Squawk bots: Can generative AI lead us to understanding animals?
Michael Endler
AI Editor, Google Cloud
The Earth Species Project is using large language models just like Bard to develop tools to decipher animal communication. We might even squawk back.
The era of artificial intelligence is giving us a new species of advanced discovery tools. Earth’s complex systems have been full of mysteries to researchers and scientists for thousands of years. Now, with the ability to create and aggregate data on a massive scale and analyze it with AI and machine learning, new classes of mysteries can be unlocked.
One area we have long marveled at and been mystified by is the animal kingdom. What if using our increasingly human-like AI, we could increase our understanding of these animals.
The Earth Species Project was founded six years ago, with just such a goal in mind. It aims to use AI to better understand and communicate with the many species and cultures with which we share the planet. Along the way, the organization is building tools that will advance the work of animal behavior researchers and deliver better conservation outcomes.

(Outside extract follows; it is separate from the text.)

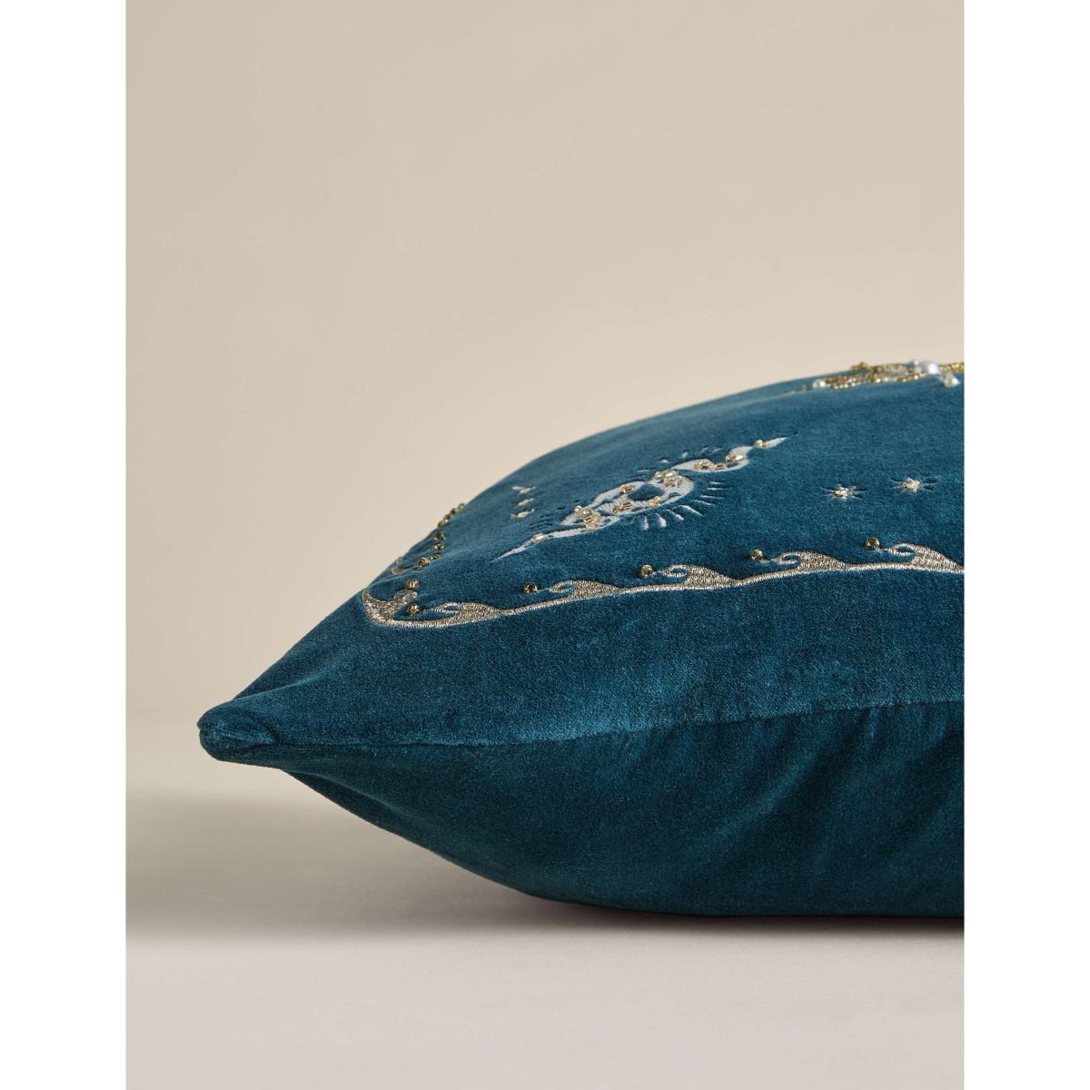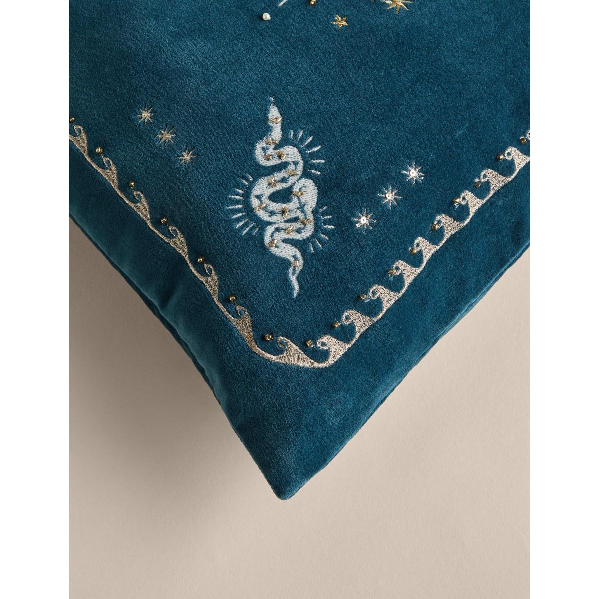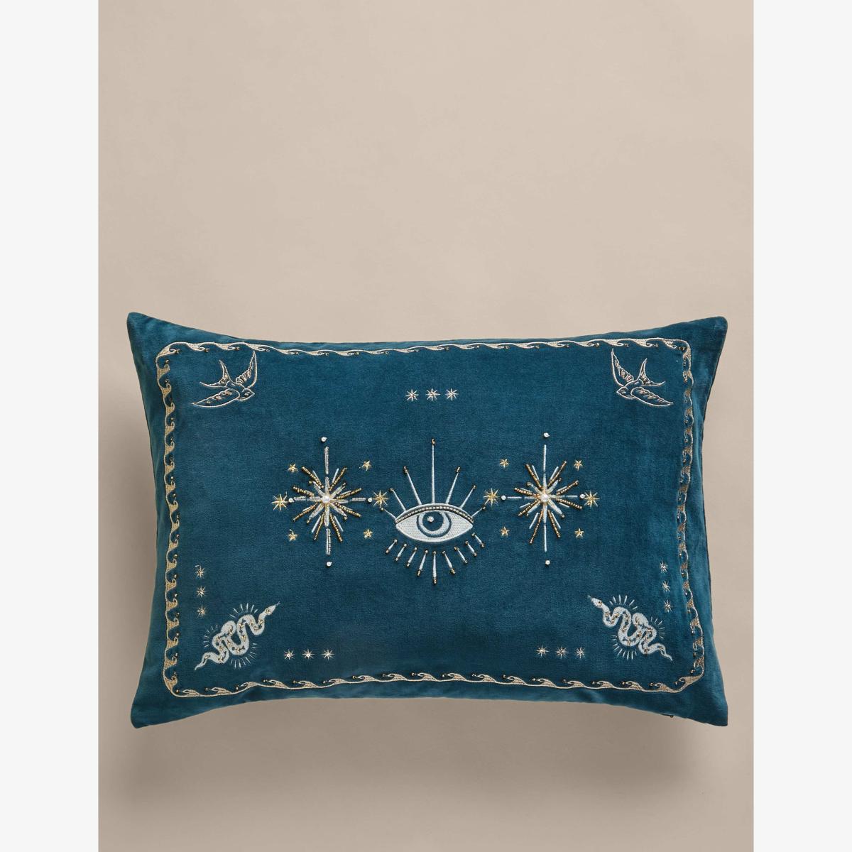 Bring celestial charm to your room with this plush velvet bolster cushion. It's made in a classic rectangular shape from pure cotton. The embroidered design features stars, an eye, birds and snakes, framed by a curling wave border. Beaded and sequin embellishment adds sparkly detail.

“As human beings, our ability to understand is limited by our ability to perceive,” Aza Raskin, one of the cofounders of the Earth Species Project, said during a recent interview. “What AI does is that it throws open the aperture of what we can perceive.”
Just as the discovery by Western society of whale song in the 1970s led to a moratorium on deep-sea whaling and contributed to the birth of the Environmental Protection Agency, the team at the Earth Species Project hopes that the more we truly know about the creatures around us, the more we will know about ourselves — and the more we can do to protect the planet we share.
“I think about how humans have been speaking and communicating vocally, passing down culture, for 100,000 to 300,000 years,” Raskin said. “Whales and dolphins have communicated vocally, passing down culture and songs, for 34 million years. That which is oldest correlates with that which is wisest, so just imagine what we can learn by listening.”
To achieve this, Raskin and the team at Earth Species Project are including some of the most popular and consequential innovations of the moment as part of a suite of techniques to realize their project: generative AI and large language models. They believe the insights behind models, such as Google’s LaMDA and GPT-3, can be foundational in understanding of non-human communication.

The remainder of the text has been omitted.